Chickering is a place in the civil parish of Hoxne, and the Mid Suffolk district of Suffolk, England. It is on the B118 Hoxne to Stradbroke road, and approximately 20 mi north from the county town of Ipswich.

Chickering is listed in the Domesday Book (1086) as 'Ciccheli (n) ga'/'Cikelinga'/'Citiringa'. The entry shows Chickering in the Bishop's Hundred of Suffolk, with 13 households, 4 freemen, 0.5 men's plough teams, a meadow of 2 acre, and 20 pigs, with a tax revenue of 1.8 geld units. The freemen in 1066 were the lords of the manor, with their overlord being Edric of Laxfield. In 1086, after the Conquest, lordship was given to Walter son of Grip, under Robert Malet who was Tenant-in-chief to William the Conqueror.
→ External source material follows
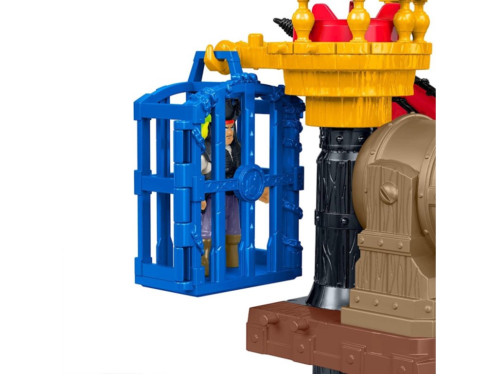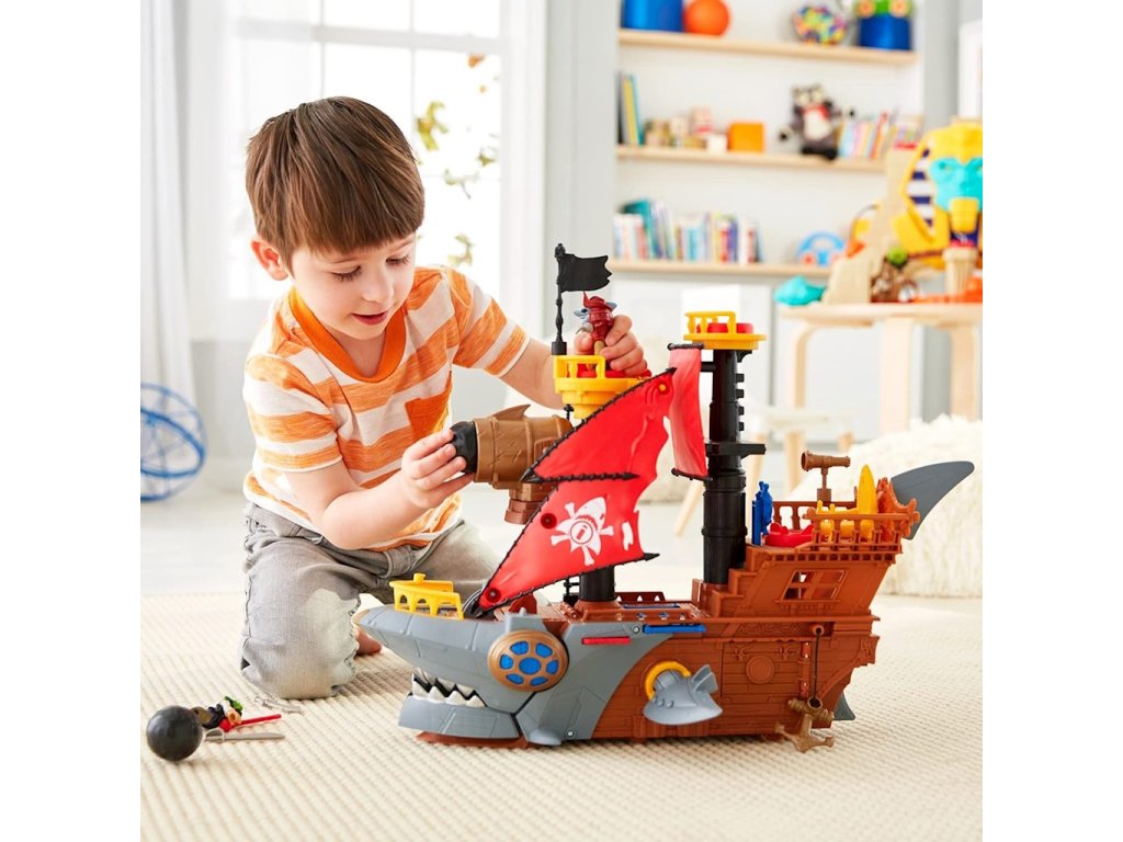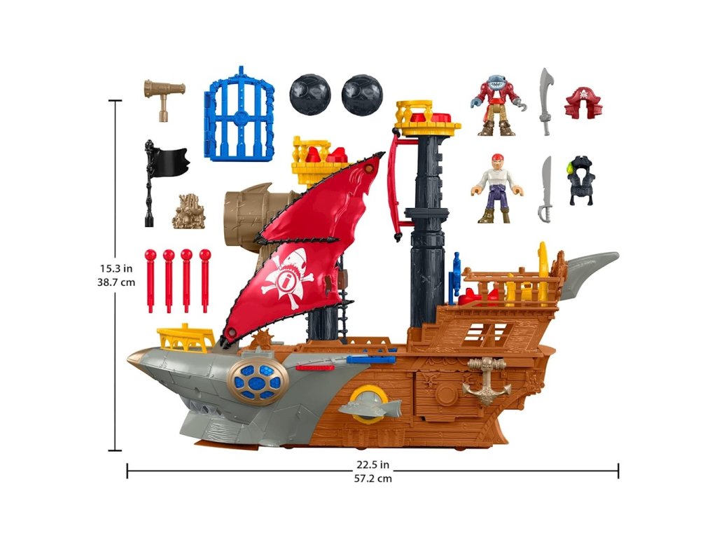 Bláznivá zábava nikdy nekončí s touto sadou Imaginext Pirate Ship Shark od Fisher-Price. Abyste ochránili svůj poklad před Černovousem a jeho bandou lupičů, stiskněte napájecí disk a chyťte padouchy do žraločí tlamy. Pokud se chcete pobavit pirátským stylem, můžete střílet granáty z děla, zavírat vězně do klece a dokonce je poslat na chůzi po prkně. Chcete mít jistotu, že je váš poklad v bezpečí? Otočte napájecím diskem a odhalte tajný úkryt. (Fuj, pořád je to tady).Obsah a vlastnosti setu:

At Chickering is the seventeenth-century 'Chickering Hall' and farm; the hall is a Grade II listed building within Wingfield parish, with its farm partly extending into Hoxne. The water features at Chickering Hall have largely been filled in. In 1900 Chickering Hall and its farm, one of two farms, was trade directory listed in the parish of Hoxne. No other Chickering trades or occupations were listed at the time in Hoxne or Wingfield.